Адомас стиснул палку. Нет, это не тросточка для прогулок. Еще после первой войны он нашел в поле казачью пику и, сняв с нее острие, насадил на свою палку, чтоб лучше взбираться зимой по скользким буграм.

Волк не двигался. Недавно здесь проходила облава. Адомас дал охотникам павшую лошадь, сани, чтоб свезти ее в чащу, помог устроить засаду. Возле приманки застрелили молодую красавицу волчиху. Потом ночной лес долго оглашался душераздирающим воем. Адомас удивлялся: неужели самец так оплакивает свою подругу?

А теперь лесник сжимал посох и чувствовал, как озноб забирается под тулуп.

Волк не отступал. Разглядывал лесника, будто несмышленого барашка или жеребенка. Зверь упрямо выжидал. Он словно прикидывал — кому принадлежит эта тропа. Повстречались зверь с человеком. Кто из них отступит? Кто из них испуганно повернется спиной? За кем останется свободный путь?

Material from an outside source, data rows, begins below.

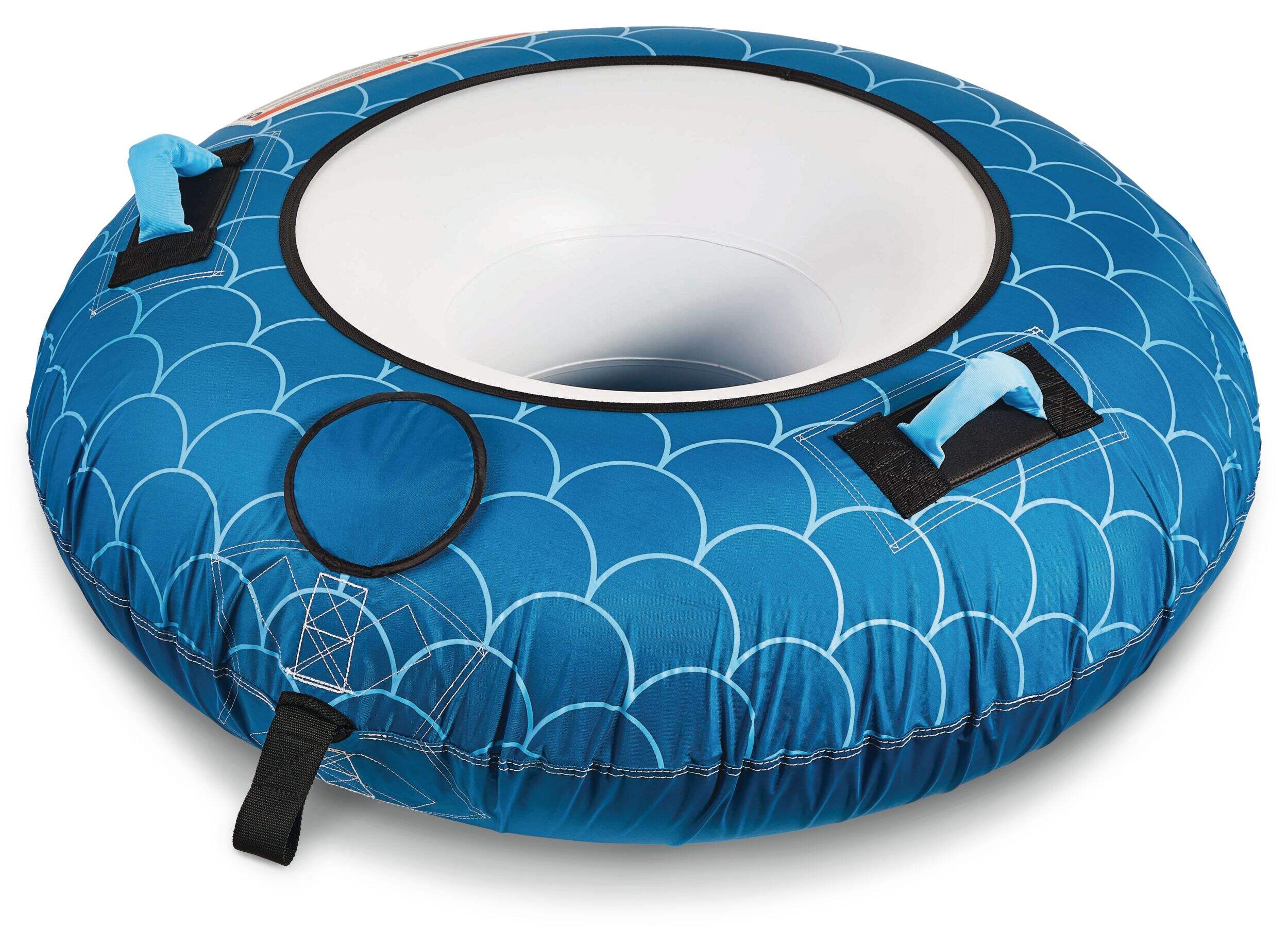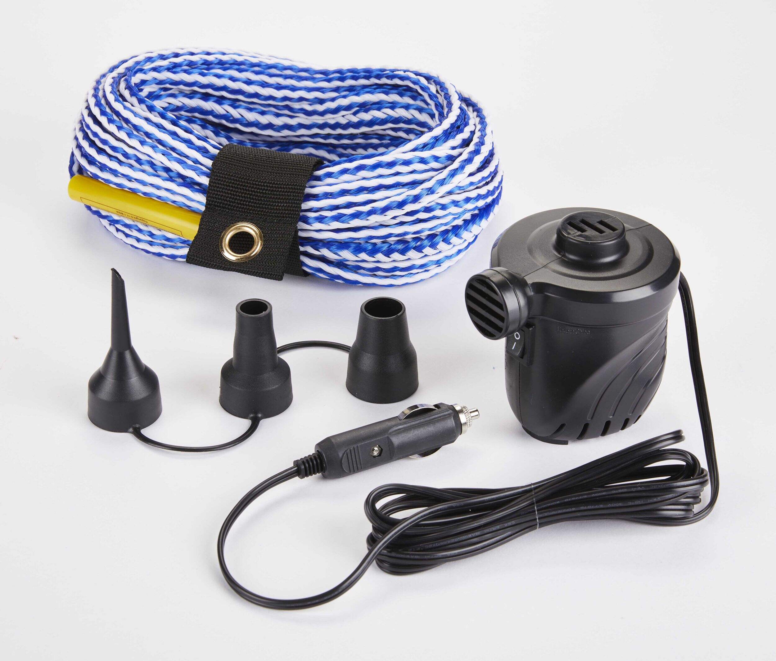 Bouée tractable Outbound qui contient tout ce dont vous avez besoin pour vous installer derrière le bateau : Bouée tractable pour 1 passager, pompe à air électrique c.c. et corde de remorquage. Bouée aquatique faite d'une vessie en PVC robuste pour une durabilité accrue et scellée avec des coutures soudées électroniquement pour prévenir la perte d'air. Pompe incluse avec la bouée aquatique gonflable qui fournit une puissance de pompage de l'air de 12 V pour un gonflage rapide et facile et soupape de vitesse qui permet un dégonflage rapide lorsque nécessaire. Trousse comprenant aussi une corde de remorquage durable pour fixer la bouée aquatique à votre bateau.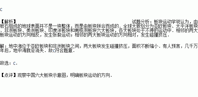根据板块构造学说,地中海的面积将会越来越小,直至消失,原因是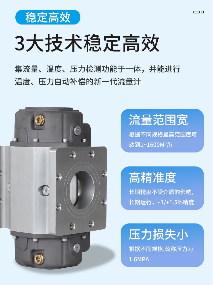 LLQ氣體羅茨腰輪流量計(jì)是一種廣泛應(yīng)用于工業(yè)氣體計(jì)量領(lǐng)域的高精度容積式流量儀表,尤其適合天然氣、煤氣、壓縮空氣等氣體的貿(mào)易結(jié)算和過程控制。以下從原理、優(yōu)勢、應(yīng)用場景、選型要點(diǎn)及技術(shù)參數(shù)等角度展開分析: 一、核心原理與結(jié)構(gòu)設(shè)計(jì)   1. 工作原理     基于容積式測量原理,通過兩個(gè)相互嚙合的“8字形”羅茨轉(zhuǎn)子在氣體推動下旋轉(zhuǎn),每轉(zhuǎn)一周排出固定體積的氣體。轉(zhuǎn)子的轉(zhuǎn)數(shù)與氣體流量成正比,通過傳感器檢測旋轉(zhuǎn)頻率即可計(jì)算累計(jì)流量和瞬時(shí)流量。   2. 核心結(jié)構(gòu)     - 轉(zhuǎn)子組件:高精度加工的合金鋼或鋁制轉(zhuǎn)子,表面硬化處理以降低磨損。     - 計(jì)量腔體:嚴(yán)格密封的腔體設(shè)計(jì),確保無泄漏。     - 溫度/壓力補(bǔ)償模塊(可選):集成溫壓傳感器,自動修正工況體積至標(biāo)況體積(如Nm3)。   二、顯著優(yōu)勢與適用場景   1. 核心優(yōu)勢     - 高精度:典型精度±1.0%,貿(mào)易級儀表可達(dá)±0.5%。     - 寬量程比:通常1:10~1:30,適應(yīng)流量波動大的場景。     - 低始動流量:可檢測微小流量(如0.1m3/h),適合低流速氣體計(jì)量。     - 抗震性強(qiáng):無電子直觸部件,抗管道振動性能優(yōu)于渦街流量計(jì)。   2. 典型應(yīng)用行業(yè)     - 能源領(lǐng)域:天然氣門站計(jì)量、LNG加氣站、城市燃?xì)廨斉洹?    - 工業(yè)流程:化工廠反應(yīng)氣體配比、鋼鐵廠高爐煤氣回收。     - 環(huán)保監(jiān)測:沼氣發(fā)電計(jì)量、碳排放氣體流量統(tǒng)計(jì)。   三、選型關(guān)鍵參數(shù)與注意事項(xiàng)   1. 介質(zhì)特性適配     - 清潔度要求:若氣體含粉塵或液滴,需加裝過濾器(如天然氣中的雜質(zhì)過濾)。     - 腐蝕性氣體:可選不銹鋼或特殊涂層轉(zhuǎn)子(如H?S含量高的煤氣)。   2. 流量范圍匹配     | 口徑(DN) | 最小流量(m3/h) | 最大流量(m3/h) |     |------------|------------------|------------------|     | 50         | 5                | 250              |     | 100        | 20               | 1000             |     | 200        | 100              | 4000             |   3. 壓力與溫度限制     - 標(biāo)準(zhǔn)耐壓:1.6MPa(可定制至4.0MPa)。     - 溫度范圍:-30℃~+80℃(高溫型可達(dá)+120℃)。   4. 附加功能選擇     - 智能通訊:支持Modbus、HART協(xié)議,兼容工業(yè)物聯(lián)網(wǎng)(IIoT)系統(tǒng)。     - 防爆認(rèn)證:Ex dⅡCT6,用于化工、礦井等危險(xiǎn)區(qū)域。   四、與渦街流量計(jì)的對比   | 對比項(xiàng)       | 羅茨流量計(jì)                | 渦街流量計(jì)                |   |------------------|-------------------------------|-------------------------------|   | 測量原理     | 容積式                        | 速度式(卡門渦街)            |   | 適用介質(zhì)     | 中低流速、高粘度氣體          | 大流量、低粘度氣體/蒸汽       |   | 壓力損失     | 較高(需考慮管道壓降)        | 較低                          |   | 維護(hù)需求     | 定期潤滑轉(zhuǎn)子軸承              | 無活動部件,免維護(hù)            |   五、維護(hù)與校準(zhǔn)建議   1. 周期性維護(hù)     - 每6個(gè)月檢查轉(zhuǎn)子磨損情況,清潔過濾器。     - 每2年對軸承進(jìn)行潤滑(食品級潤滑脂)。   2. 校準(zhǔn)要求     - 貿(mào)易結(jié)算用儀表需每年進(jìn)行實(shí)流標(biāo)定(如鐘罩式氣體流量標(biāo)準(zhǔn)裝置)。     - 現(xiàn)場校準(zhǔn)可采用超聲波比對法,誤差超過±1.5%時(shí)需返廠調(diào)整。   總結(jié)   氣體羅茨流量計(jì)憑借其高精度、寬量程和強(qiáng)環(huán)境適應(yīng)性,成為工業(yè)氣體計(jì)量的首選設(shè)備之一。在選型時(shí)需重點(diǎn)關(guān)注介質(zhì)清潔度、流量范圍匹配及智能化需求,同時(shí)結(jié)合現(xiàn)場工況選擇是否需要溫壓補(bǔ)償或防爆設(shè)計(jì)。對于高含雜質(zhì)的煤氣或微小流量場景,其性能顯著優(yōu)于渦街流量計(jì),但需承擔(dān)更高的維護(hù)成本。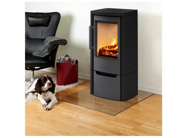 Качественная скандинавская печь с большим стеклом и умеренной мощностью.

В голове у Адомаса лихорадочно носились мысли. Не этого ли зверя не раз уже угощали горячим свинцом? Не он ли однажды привел свою свору к стогам, и хищная стая в ту ночь отдыхала не в лесной глуши, не в темном болоте, а на стогах сена, откуда отлично видны жилища двуногих врагов? Не этот ли самый волк несколько лет назад подстерег в темноте возвращающегося из школы мальчугана? Только весной, когда стаял снег, нашли деревянный короб с почерневшими книжками, башмаки, клеенчатый брючный ремешок.

Не этот ли самый людоед?

Ужас охватил Адомаса. Замахнувшись палкой, он заорал. Но волк еле шевельнул задом. Взъерошил шерсть. Сверкающими неподвижными глазами уставился на лесника.

Эхо в просеках грустно и беспомощно повторило крик Адомаса. А волк все стоял, выпятив грудь. Врагов разделяло совсем небольшое расстояние. Лесник уже, казалось, ощутил горячее дыхание зверя.

И Адомас снова крикнул: «Прочь! Эй, люди! Волк!»

Он звал, только вряд ли кто его услышит. Но собственный голос подбодрял его. Адомас сообразил — надо укрыться за деревом и острой палкой пырнуть волка, если только тот… если только…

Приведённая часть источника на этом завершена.